Top Gun: Maverick revels in the cinematic frenzy of the first set opening scene, in which speed-hungry aviator Pete “Maverick” Mitchell attempts to reach a previously unattainable (and indeed almost certainly unattainable) speed of Mach 10. A big clue as to why the film was so popular with moviegoers can be found in Cruise’s face, sweating and grimacing from the overwork. What we see on screen is as real as possible: the actors actually flew fighter jets (albeit as passengers, not pilots), and Cruise enrolled the actors in a brutal three-month training program to prepare them for the intensity of flight.
at such speeds.The results are on screen in these thrilling time trials and dogfights – action scenes that really impress, a rarity in a sea of ​​muddy CGI superheroes. Of course, Tom Cruise is essentially CGI at this point, not just in terms of his oddly unchanging face, but also in terms of his willingness to try things with his body that other actors can’t — or rather, can’t. Seeks. Cruise isn’t about size anymore – as many have pointed out, there’s only a slight difference between his films Maverick and Mission: Impossible’s Ethan Hunt. But his place is being taken by the feeling of taking the only role he currently plays to the extreme, appearing on the same show but bigger, faster, better. Watching him furiously fight against time is a cinematic thrill in itself.”The future is coming – and you’re not there,” warns Ed Harris’ scathing Rear Admiral Maverick at the beginning of the film. Good luck saying Cruise.

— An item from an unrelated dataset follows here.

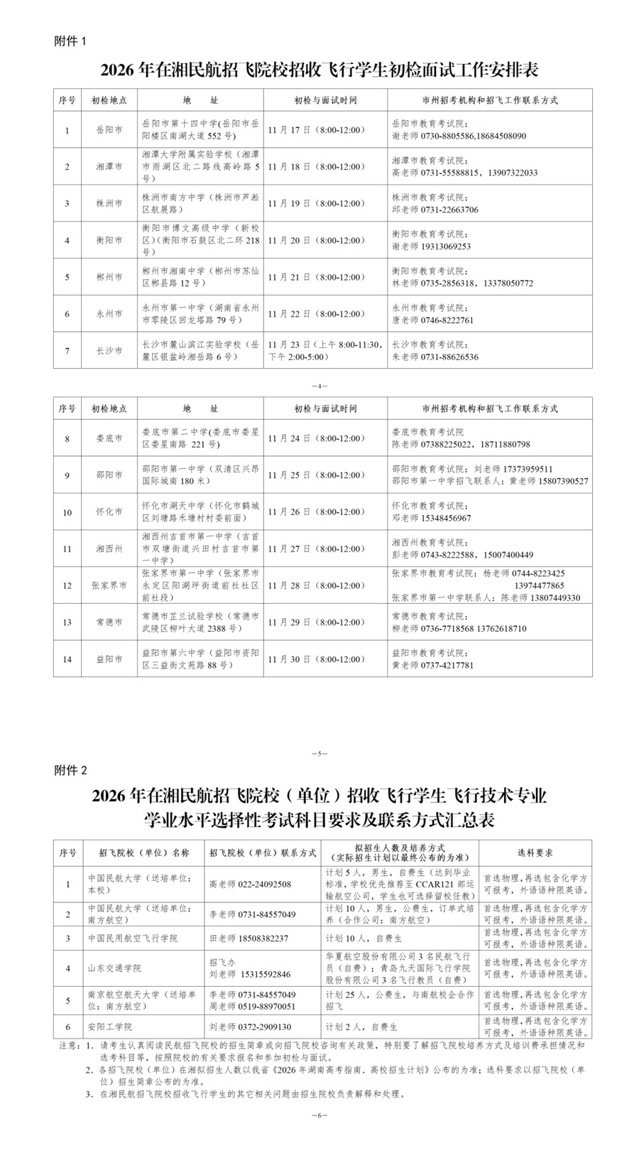 | 关于组织2026年在湘民航招飞院校招收飞行学生初检等有关工作的通知 |

Cruise is supported by a carefully selected team of up-and-coming players (Glen Powell, Monica Barbaro, Lewis Pullman) and gray and not-so-grey veterans (Harris, Jon Hamm, Jennifer Connelly). Miles Teller, an actor who for so long seemed unable to escape his real-world reputation because he’s, as the infamous Esquire profile puts it, “a bit of a jerk,” brings that obnoxious snarl in his role as Rooster, l’ irritating son of a recently deceased radio interceptor Maverick, Goose.

And then there’s Val Kilmer, reprising his role as Maverick’s old frenemy Iceman, who, like the actor playing him, has throat cancer and struggles to speak. Kilmer’s single scene with Cruise is, in contrast to the daredevil aeronautics elsewhere, fairly minimalist: just two men communicating through a desktop computer and a series of knowing looks. But the body language between them is so freighted with meaning, decades on from their first meeting, that it’s impossible not to get swept up in the gravity of the moment.

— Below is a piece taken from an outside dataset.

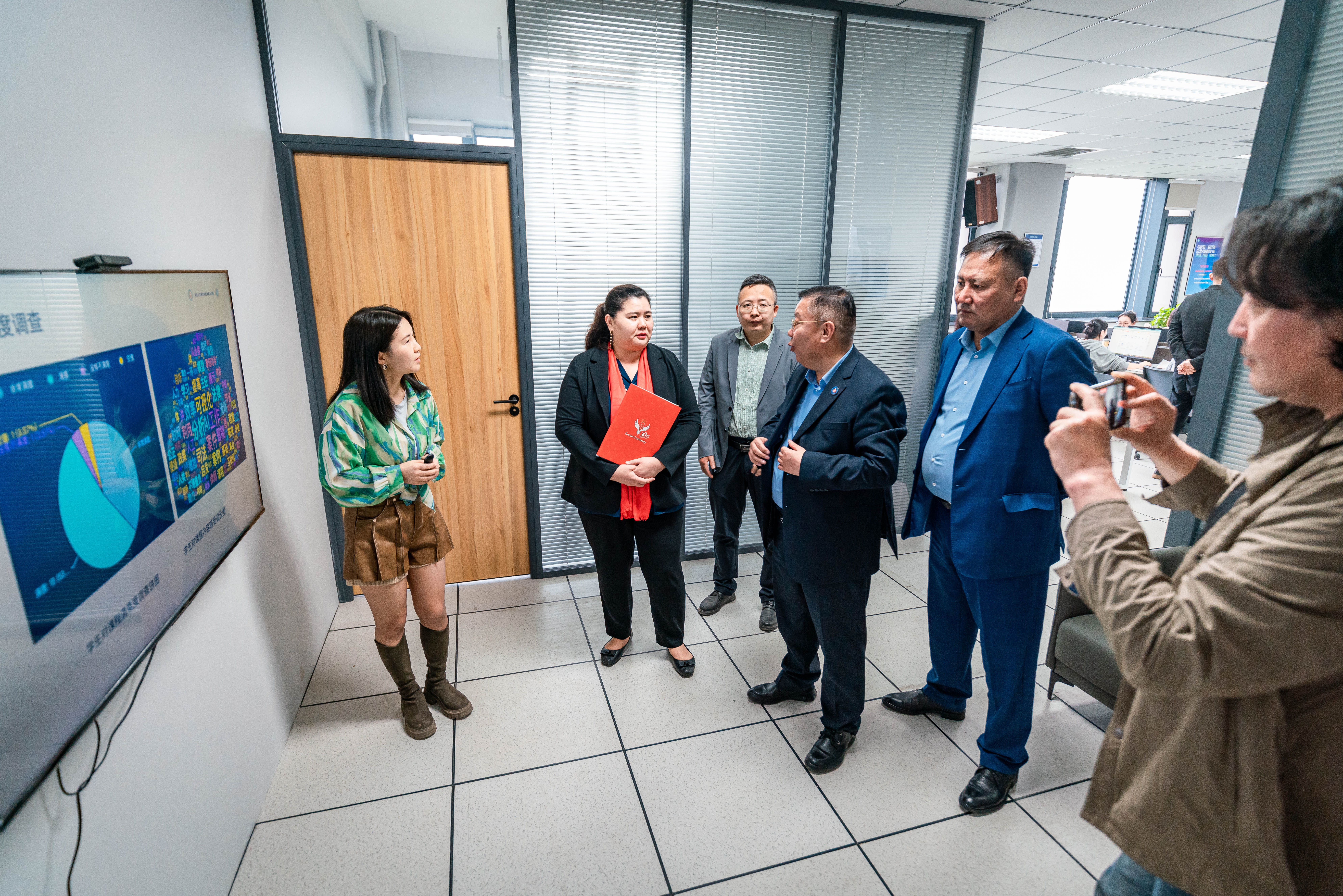 贾孜依拉对乐鱼网页版页面登录的接待表示感谢,详细介绍了哈萨克斯坦库纳耶夫大学的办学历程、专业设置、学科特色以及与波兰、土耳其等海外院校的合作情况,并表达了与乐鱼网页版页面登录在学生培养、联合科研等领域开展合作的意愿。

Top Gun: Maverick is a heady brew of nostalgia. But it is nostalgia – as one of Jon Hamm’s other characters once so memorably explained – in the original Greek sense of the term. It gives us the dopamine hit of familiarity, sure – but occasionally elicits a more complicated, painful feeling, too: the sense of chasing something lost. Yes, it’s a sequel. Yes, it does basically follow the same flight path as the original. Yes, you know exactly where it is going to land. But it is skilfully made blockbuster cinema that connects with something deeper, too. It’s why so many people have gone back to cinema again and again to experience that rush of wheels leaving asphalt. And when it comes to best picture, that should count for something.